0

I'm writing an extension for Firefox to allow me to scrape some data from a web site.

A simplified description is that the site contains an index page with a list of links to subsidiary pages that contain the data I want. I browse to the index page where the extension detects the URL and asks if I want to scrape it. If I say yes, the content script scrapes the list of subsidiary page URLs and passes them to the background process which should open each page in turn in a new tab, scrape the data, then close the tab. To avoid issues at the server I set up a series of timeouts to create the new tabs, currently at 10 second intervals.

Once all the data is scraped it need to be passed to a PHP script on a server, but that's beyond the scope of this question.

All this works as described, except that I see this message appear on the console for each tab opened and closed (the tab number varies):

15:06:27.426 Uncaught (in promise) Error: Invalid tab ID: 171

I've puzzled over this most of the day but I can't track down the source of this error. It's doubly confusing because the code does exactly what I want.
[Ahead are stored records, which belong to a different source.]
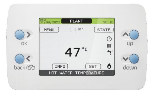Attraverso 4 tasti è possibile navigare il display in maniera semplice e intuitiva, accedendo a tutte le impostazioni e parametrizzazioni della caldaia e del sistema. L’autodiagnostica evoluta, unitamente alle funzioni di METEO X attivabili dal pannello, ne completano il profilo innovativo.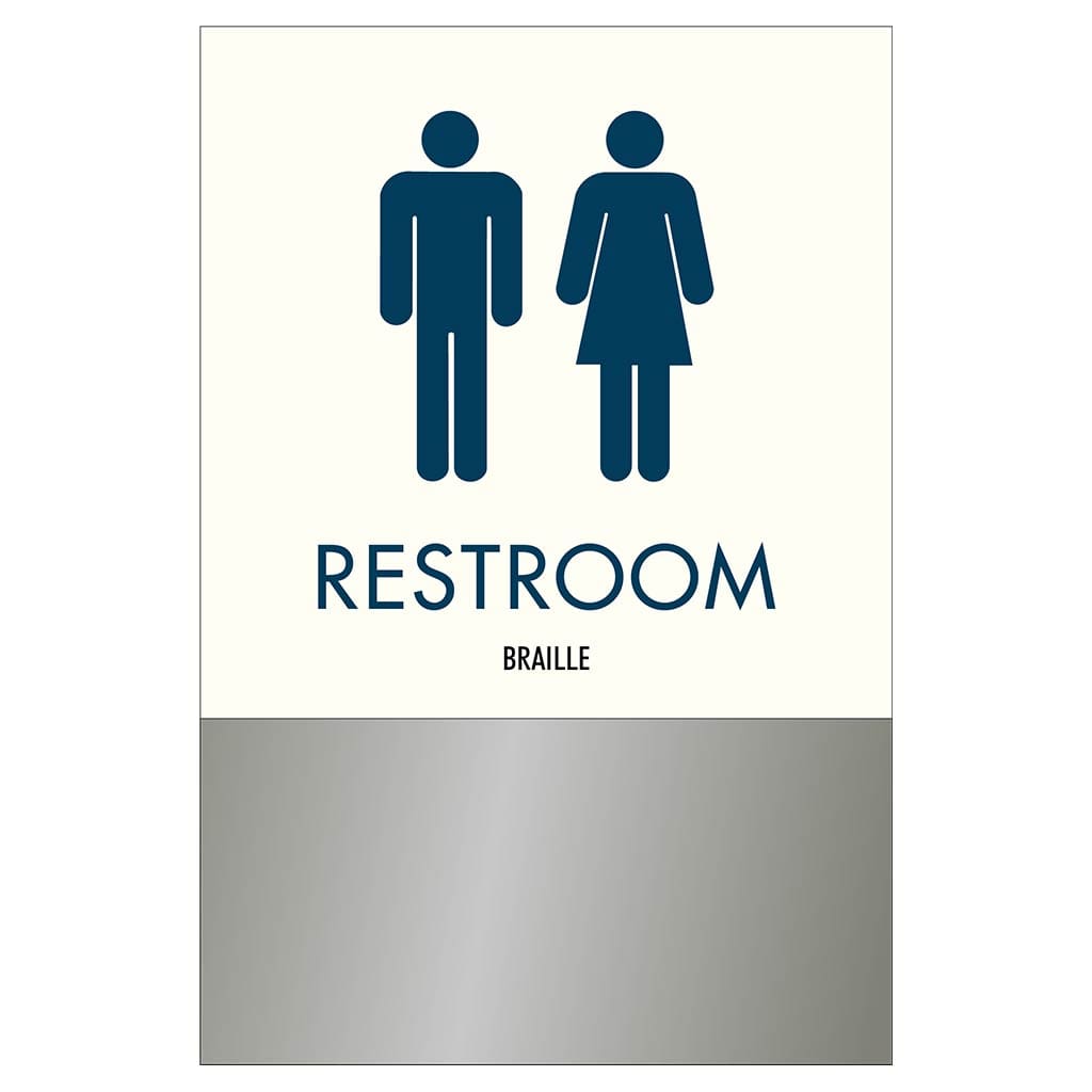 Mark each bathroom with a restroom identification sign. Restroom signs feature raised text, symbols and Grade 2 Braille. Signs come with foam tape on back for easy mounting.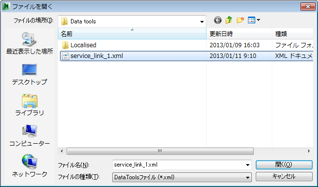 ダイアログ ボックスで、必要な DataTools ファイルがあるフォルダに移動してそのファイルを選択し、
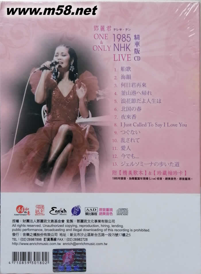 鄧麗君1985 NHK 東京演唱會精華版 限量版 CD 粉紅封面(m58.net)

Question: where is this error coming from, and what do I need to do to fix it?

Here's the code:

async function backgroundProcess() {
    "use strict";
    // delay in ms between each new tab. Set to some reasonable value after testing.
    const   newTabDelay = 5000;


    let tabList = [];
    let resultList = [];


    async function createTab(url, resolve, reject) {

        try {
            //Create a tab and open the link. Return a promise so that we can wait for everything to complete
            let tabId = await browser.tabs.create({url: url});
            console.log("executing script in tab " + tabId.id);
            let tabData = await browser.tabs.executeScript(
                tabId.id,
                {
                    file: 'scrapeMileage.js'
                });

            console.log("Content script executed");
            console.log(tabData);
            //resultList.push(tabData);
            let tabNumber = tabId.id;
            console.log("Removing tab Tab ID " + tabNumber);
            await browser.tabs.remove(tabNumber);
            console.log("Removed tab Tab ID " + tabNumber);

            resolve(tabData);
        } catch (e) {
            console.log("createTab catch "+e);
            reject(e);
        }
    }
    async function tabOpener(linkList) {

        try {
            console.log("Tab opener now running");
            //linkList.forEach((el)=>{console.log("(background) Link found:"+el)});

            // Loop through the list opening upo a new tab every few seconds
            for (let i = 0; i < Math.min(5, linkList.length); i++) {
                console.log("Creating tab for " + linkList[i]);
                tabList.push(new Promise((resolve, reject) => {
                    setTimeout(function () {
                        createTab(linkList[i], resolve, reject);
                    }, newTabDelay * i);
                }));
            }
            resultList = await Promise.all(tabList);
            console.log("Scraping complete");
            console.log(resultList);
        } catch (e) {
            console.log("tabOpener catch:"+e);
        }
    }

    function listener(message, sender, respond) {

        console.log("Received message: "+message.messageType);
        console.log(message);

        switch (message.messageType) {
            case 'mileageData':
                break;
            case 'scrapeRequest':
                console.log("Calling tab opener")
                tabOpener(message.data)
                break;

        }

    }
    console.log("Setting up message listener");
    browser.runtime.onMessage.addListener(listener);


}
console.log("Running background process");
backgroundProcess();

The code is liberally sprinkled with console.log() to help debug. Here's the console output.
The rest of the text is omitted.